Interspecific Integration of Chemical Traits in Desert Plant Leaves with Variations in Soil Water and Salinity Habitats

Abstract

Understanding the relationship between soil environmental conditions and the interspecific integration of plant traits might shed light on how plants adapt to their environment. In order to clarify the adaptation strategies of desert plants in the various habitats, this study calculated interspecific trait integration (ITI) and plant trait networks (PTN) by selecting plants from high water-salinity habitat (HSM) with salt stress and low water-salinity habitat (LSM) with drought stress in the Ebinur Lake region. Eight different phytochemical traits were taken into consideration, including carbon (C), nitrogen (N), phosphorus (P), sulfur (S), potassium (K), calcium (Ca), sodium (Na), and magnesium (Mg). Six soil factors were chosen, including soil pH, water content (SVWC), electrical conductivity (EC), soil nitrogen (N), phosphorus (P), and potassium (K).
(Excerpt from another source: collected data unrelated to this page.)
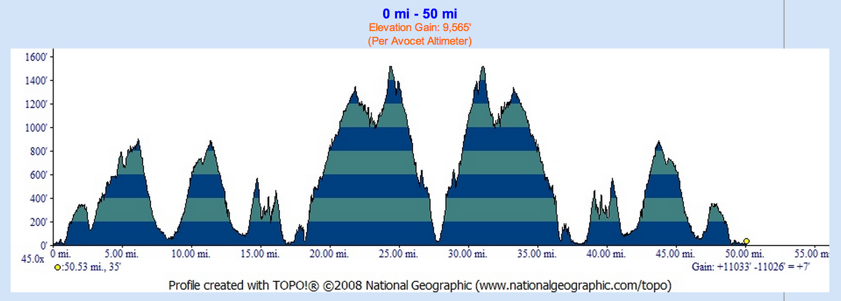 The out-and-back 50-mile course covered some familiar ground in the gorgeous hills just north of the Golden Gate Bridge. It also included quite a bit of climbing, with almost 10,000 feet of elevation gain over the 50 miles. Check out the course profile:
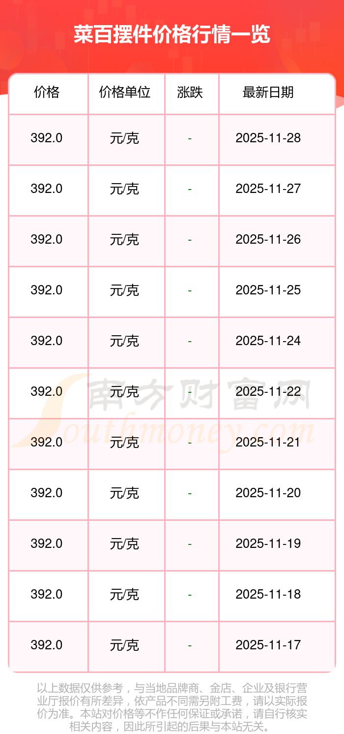 2025年11月29日菜百擺件價格查詢:392.0元/克。
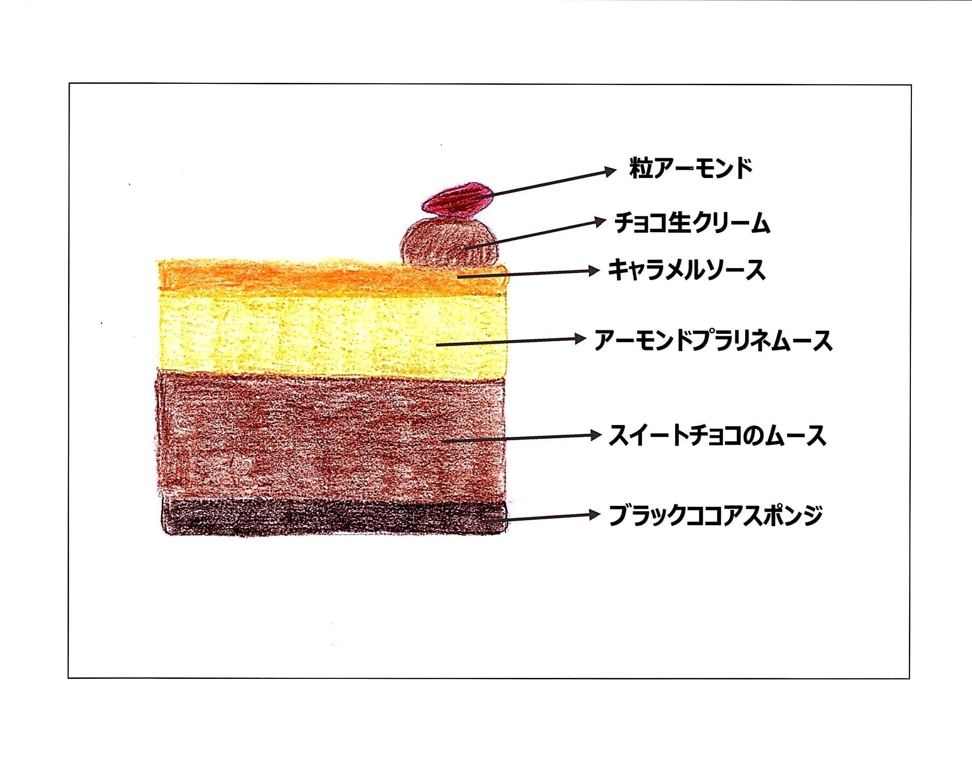 一番上はキャラメルソース、その下はアーモンドムースとスイートチョコの二層のムース。
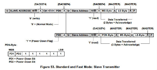 图53显示了标准和快速模式主发送器,该主发送器使用7位地址寻址DAC8574从发送器。
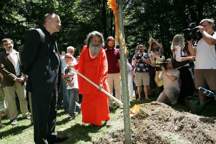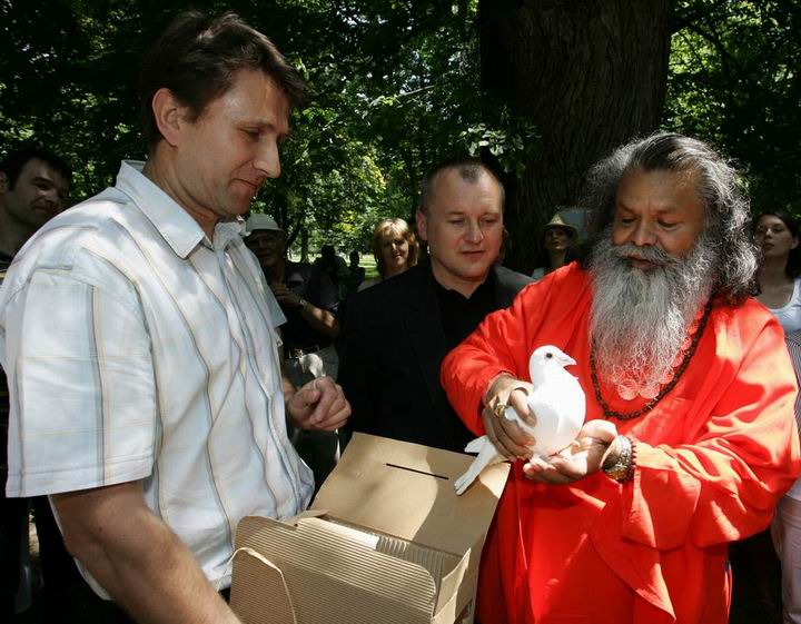 Primary school children prepared a short play and reminded everybody present to the significance of a clean and preserved environment for quality living of every person. After that the main part of the event took place, when H. H. Swamiji and the mayor planted the peace tree in the Town park. With the lime tree, Maribor joined six Slovene cities, Ljubljana, Kranj, Novo mesto, Portorož, Celje and Domžale, where H. H. Swamiji planted trees in Slovenia within his wide peace efforts as a symbol of endeavours for peace – peace within humans, peace among people, peace among all living beings, peace in the world. The event in the park finished with the flying off of the peace pigeon.
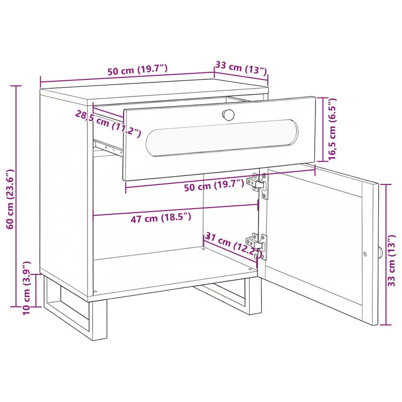 Нощен шкаф Естествен 50 x 33 x 60 см Солидно мангово дърво
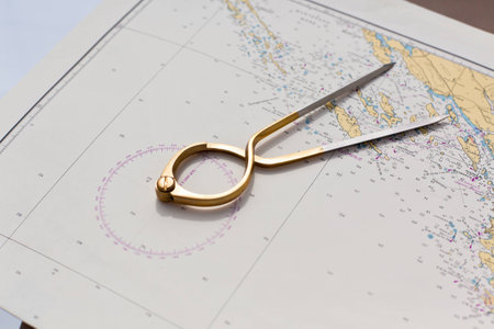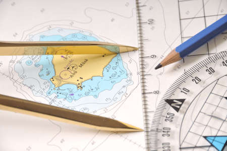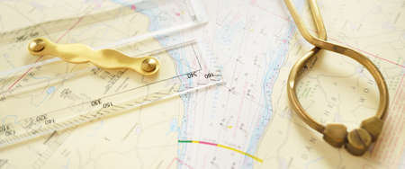 Navigational tools and compass on a nautical navigation map
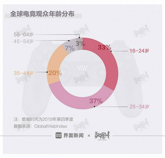 7成电竞观众年龄低于35岁。据GlobalWebIndex报告数据,2018年第四季度,全球电竞观众中,25岁至34岁的观众最多,占比37%。其次是16岁至24岁的观众,占比33%。

The results obtained are shown below: (1) the relationship between plant leaf chemical traits was closer in HSM than in LSM, and the correlation between C and other leaf chemical traits was significant in HSM and insignificant in LSM; (2) the correlations between soil factors and ITI were not statistically significant; however, in both soil water-salinity habitats, the strength of fit between SVWC and ITI was the greatest, while the strength of fit between EC and ITI was the smallest; and (3) according to the PTN, C and Ca are the two most central traits for the growth of desert leaf chemical plants in Ebinur Lake, which is consistent with the results of the PCA. Coordination of plant leaf traits along water-salinity gradients involves many different combinations of traits, and the use of ITI and PTN can quantify the complex relationships between multiple traits to a greater extent, highlighting the multivariate mechanisms of plant response and adaptation to soil habitats. This information will help expand and optimize our ability to observe and predict desert plant responses to habitat change, providing powerful insights for assessing desert plant survival strategies.